Concerto for Orchestra


✒️1943, rev 1945 | ⏰40 minutes


1 Introduzione
(Introduction)
2 Giuoco delle coppie (Game of Pairs)
3 Elegia (Elegy)
4 Intermezzo interrotto (Interrupted intermezzo)
5 Finale

A colourful showpiece, and probably the most popular of Bartók’s orchestral works, the Concerto for Orchestra was composed in the US, where Bartók and his wife had moved in 1940 to escape fascism and war in their native Hungary. At this time, Bartók’s career, health and finances were in decline. His 60th birthday in 1941 had passed by unhonoured in his adopted home country.

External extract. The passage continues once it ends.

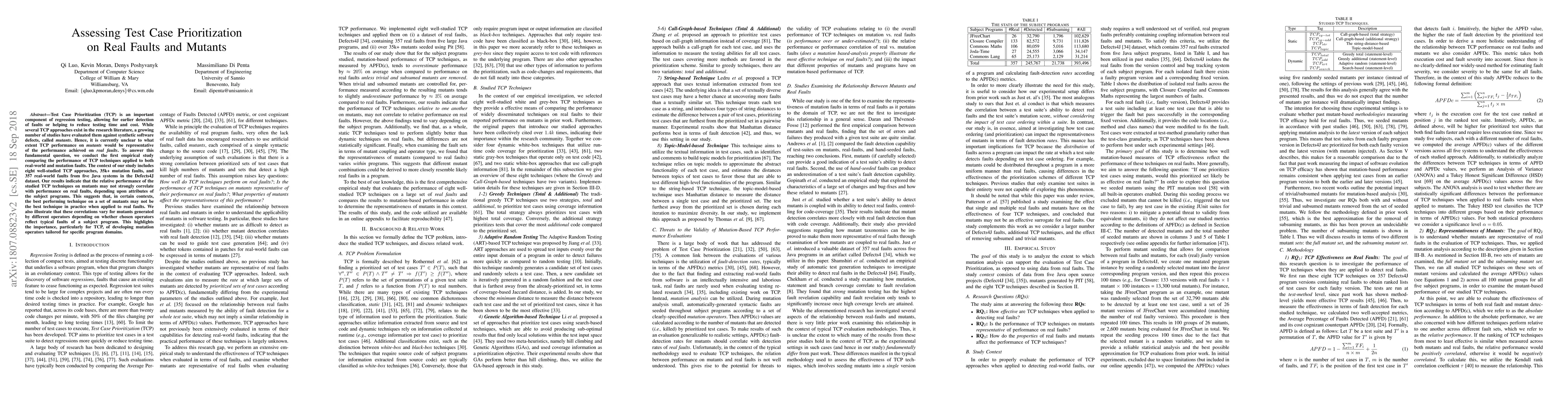 This study evaluates the effectiveness of Test Case Prioritization (TCP) techniques on both synthetic mutants and real-world faults, finding that the best TCP techniques for mutants do not necessarily perform best on real faults, indicating the need for tailored mutation operators for specific program domains.

While in hospital with suspected tuberculosis in May 1943, Bartók was visited by the conductor and patron Serge Koussevitzky, who offered him $1,000 for a new orchestral piece. Bartók wrote most of the work over two months while staying at a ‘cure cottage’ near Lake Saranac in upstate New York, shielded from the hubbub of New York City.

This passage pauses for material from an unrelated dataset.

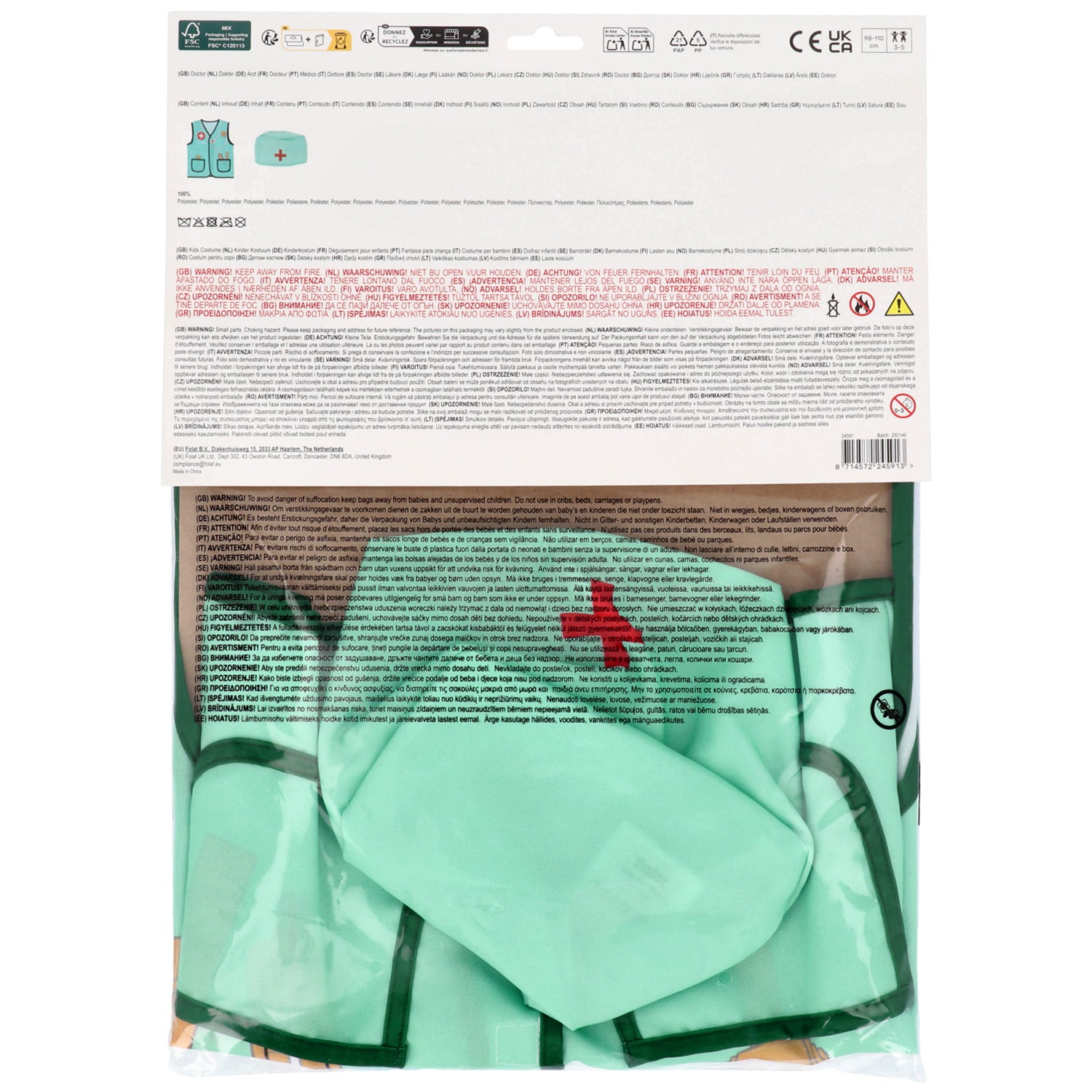 ¡Médico en la habitación! Con este Juego de Disfraces de Médico todos los niños estarán listos para examinar y ayudar a los pacientes. Perfecto para fiestas infantiles, fiestas de disfraces y carnaval. El set incluye un chaleco de médico verde claro y un gorro quirúrgico a juego, ambos con detalles médicos reconocibles.

Bartók may have deliberately set out to avoid writing a symphony, regarding that as an outdated form. While the concerto model had existed for at least two centuries, the idea of a concerto for orchestra (as opposed to a solo instrument, or a small core of instruments, plus orchestra) was quite new. The aim was ‘to treat the single instruments or instrumental groups in a concertant or soloistic manner’. This gives rise to a rich variety of orchestral textures. Bartók noted:

‘The general mood of the work represents, apart from the jesting second movement, a gradual transition from the sternness of the first movement and the lugubrious death-song of the third, to the life-assertion of the last one.'
Béla Bartók, composer

After the ‘Introduction’ comes the jesting ‘Game of Pairs’ in which, in the manner of Noah’s Ark, instruments enter two by two, playing at fixed intervals apart: bassoons in sixths, oboes in thirds, clarinets in sevenths, and so on.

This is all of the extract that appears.